Your answer must consist of the records below, reproduced exactly, with every picture removed.

(Stored items)
^^^^^^^^^^^^^^^^

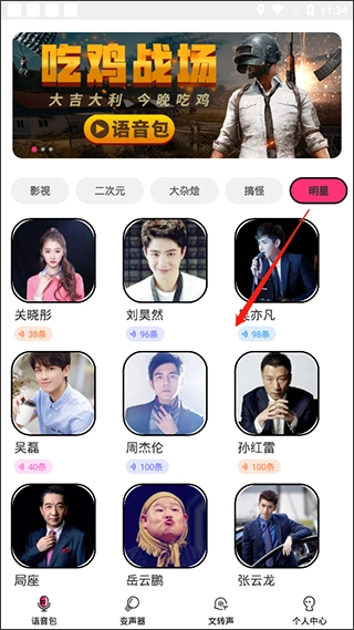 安装完成后,你可以直接在手机里启动这款吃鸡语音包变声器软件,进入软件就能看到大量的语音包资源。
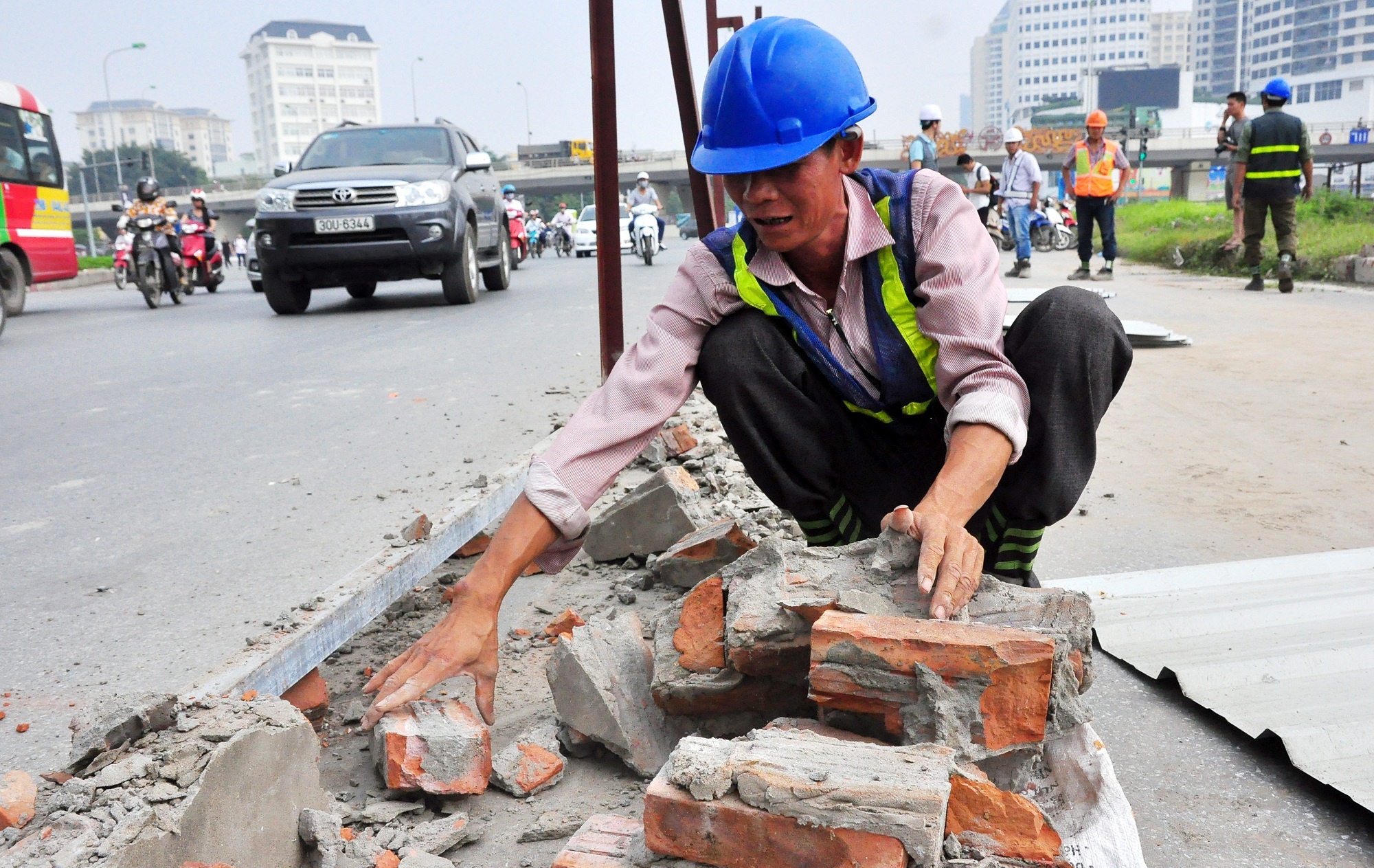 Móng rào chắn bằng gạch, xi măng được công nhân phá bằng búa và thu dọn.
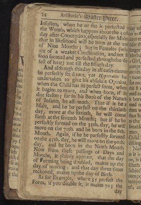 Credit: Aristotle's master-piece: or, The secrets of generation displayed in all the parts thereof. : Containing 1. The signs of barrenness. 2. The way of getting a boy or girl. 3. Of the likeness of children to parents. 4. Of the infusion of the soul into the infant. 5. Of monstrou births, and the reasons thereof. 6. Of the benefit of marriage to both sexes. 7. The prejudice of unequal matches. 8. The discovery of insufficiency. 9. The cause and cure of the green-sickness. 10. A discourse of virginity. 11. How a midwife ought to be qualified. 12. Directions and cautions to midwives. 13. Of the organs of generation in women 14. The fabrick of the womb. 15. The use and action of the genitals. 16. Signs of conception, and whether of a male or female. 17. To discover false conception. 18. Instructions for women with child. 19. For preventing miscarriage. 20. For women in child-bed. 21. Of ordering new-born infants, and many other very useful particulars. To which is added, a word of advice to both sexes in the act of copulation, and the pictures of several monstrous births. Very necessary for all midwives, nurses, and young-married women. Source: Wellcome Collection.
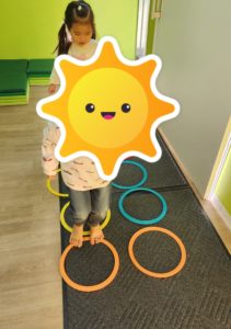 その後はボール遊びを楽しみましたよ♪傘目がけてボールを投げていきました。どのぐらいの強さで投げると傘に入るのか、考えながら何度も投げていました!
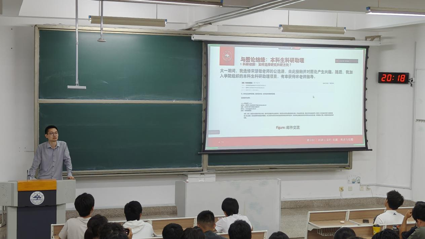 张维佳从“前置工作”“内容结构”“撰写技巧”及“亮点特色”四个维度出发,向同学们讲解了如何进行商业计划书的写作。在讲解计划书写作细节的同时,他向新生讲解了如何进行项目规划,为同学们扫清诸多疑惑。路宇轩以“科研立项的选题、推进与结题”为主题,结合自己的科研经历,与同学们分享了自己从科研助理到投稿第一篇SCI的心路历程,重点就“科研结题”环节,向新生强调了科研立项过程中的计划性,带领新生厘清了科研成果与科研立项、实质产出与形式逻辑之间的关系。
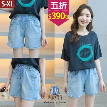 ★五折價$390起★糖罐子【KK8599】抽繩縮腰車線口袋牛仔短褲→現貨(S-XL)
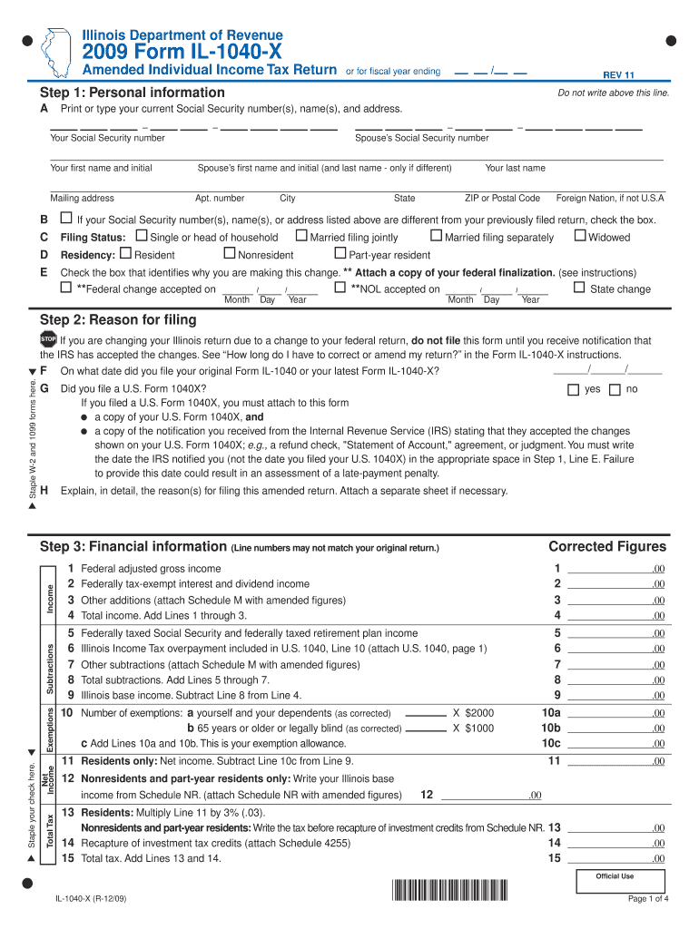 How to fill out 2009 il-1040-x:
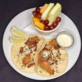 Fried chicken strips, mexican street corn blend (mayo, Tajin seasoning, green onion, cilantro, corn), bacon, and cotija cheese all wrapped in corn tortillas. Served with your choice of side.
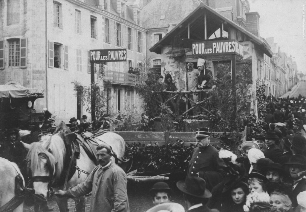 À l’initiative des carnavaliers « le char des pauvres », « le char de la charité » (à Saumur « le char de la générosité ») ont longtemps participé aux mi-carêmes, carnavals et défilé fleuris. Mais à Cholet, cette tradition est tombée dans l’oubli…
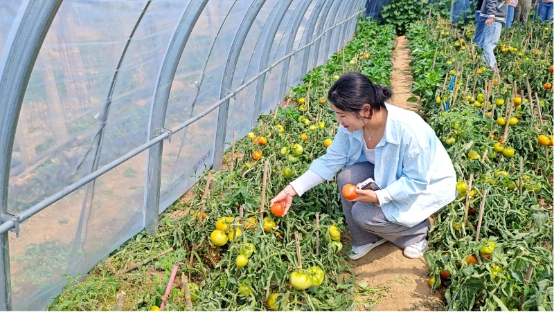 Peale kirge oli mõnus aeg. Kell 10.30 läksime koos Xiazhuangi tomatikorjamisaeda, et alustada intiimset kohtumist loodusega. Juhtus olema selge päev ja päike paistis põldudele. Rohelised oksad ja lehed olid kaetud erkpunase 69 Tomatiga, mis olid ümarad ja lihavad, erksavärvilised, panid inimesed eemalt sülg välja.
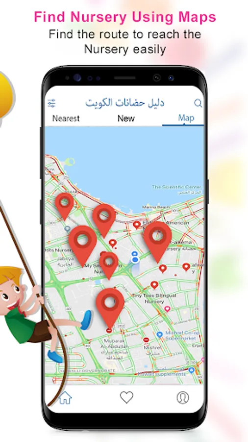 Through application you can search nurseries based on where you are located. Providing you with their address and phone number and photos. Through the Nursery Guide you can find the nursery that is right for you and your kids.
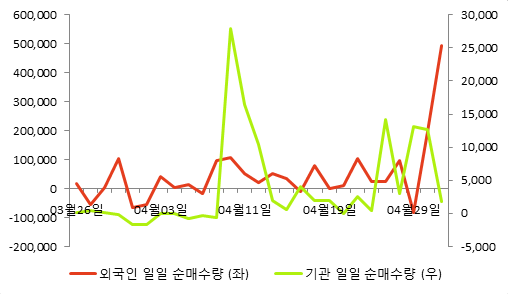 다음 표는 동종목의 외국인, 기관의 일별 순매수량을 나타낸 것이다.
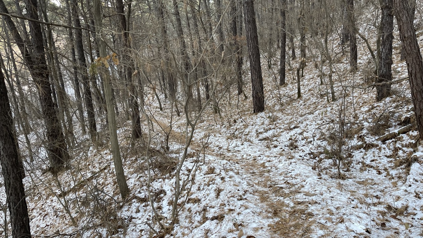 마등산 등산로는 생각했던 것보다 눈이 많이 녹아 있었습니다. 햇볕이 잘 들어서 그런가봐요. (그래서 묘지도 많았나??)

^^^^^^^^^^^^^^^^

ANSWER TO THE PROBLEM:
 安装完成后,你可以直接在手机里启动这款吃鸡语音包变声器软件,进入软件就能看到大量的语音包资源。
 Móng rào chắn bằng gạch, xi măng được công nhân phá bằng búa và thu dọn.
 Credit: Aristotle's master-piece: or, The secrets of generation displayed in all the parts thereof. : Containing 1. The signs of barrenness. 2. The way of getting a boy or girl. 3. Of the likeness of children to parents. 4. Of the infusion of the soul into the infant. 5. Of monstrou births, and the reasons thereof. 6. Of the benefit of marriage to both sexes. 7. The prejudice of unequal matches. 8. The discovery of insufficiency. 9. The cause and cure of the green-sickness. 10. A discourse of virginity. 11. How a midwife ought to be qualified. 12. Directions and cautions to midwives. 13. Of the organs of generation in women 14. The fabrick of the womb. 15. The use and action of the genitals. 16. Signs of conception, and whether of a male or female. 17. To discover false conception. 18. Instructions for women with child. 19. For preventing miscarriage. 20. For women in child-bed. 21. Of ordering new-born infants, and many other very useful particulars. To which is added, a word of advice to both sexes in the act of copulation, and the pictures of several monstrous births. Very necessary for all midwives, nurses, and young-married women. Source: Wellcome Collection.
 その後はボール遊びを楽しみましたよ♪傘目がけてボールを投げていきました。どのぐらいの強さで投げると傘に入るのか、考えながら何度も投げていました!
 张维佳从“前置工作”“内容结构”“撰写技巧”及“亮点特色”四个维度出发,向同学们讲解了如何进行商业计划书的写作。在讲解计划书写作细节的同时,他向新生讲解了如何进行项目规划,为同学们扫清诸多疑惑。路宇轩以“科研立项的选题、推进与结题”为主题,结合自己的科研经历,与同学们分享了自己从科研助理到投稿第一篇SCI的心路历程,重点就“科研结题”环节,向新生强调了科研立项过程中的计划性,带领新生厘清了科研成果与科研立项、实质产出与形式逻辑之间的关系。
 ★五折價$390起★糖罐子【KK8599】抽繩縮腰車線口袋牛仔短褲→現貨(S-XL)
 How to fill out 2009 il-1040-x:
 Fried chicken strips, mexican street corn blend (mayo, Tajin seasoning, green onion, cilantro, corn), bacon, and cotija cheese all wrapped in corn tortillas. Served with your choice of side.
 À l’initiative des carnavaliers « le char des pauvres », « le char de la charité » (à Saumur « le char de la générosité ») ont longtemps participé aux mi-carêmes, carnavals et défilé fleuris. Mais à Cholet, cette tradition est tombée dans l’oubli…
 Peale kirge oli mõnus aeg. Kell 10.30 läksime koos Xiazhuangi tomatikorjamisaeda, et alustada intiimset kohtumist loodusega. Juhtus olema selge päev ja päike paistis põldudele. Rohelised oksad ja lehed olid kaetud erkpunase 69 Tomatiga, mis olid ümarad ja lihavad, erksavärvilised, panid inimesed eemalt sülg välja.
 Through application you can search nurseries based on where you are located. Providing you with their address and phone number and photos. Through the Nursery Guide you can find the nursery that is right for you and your kids.
 다음 표는 동종목의 외국인, 기관의 일별 순매수량을 나타낸 것이다.
 마등산 등산로는 생각했던 것보다 눈이 많이 녹아 있었습니다. 햇볕이 잘 들어서 그런가봐요. (그래서 묘지도 많았나??)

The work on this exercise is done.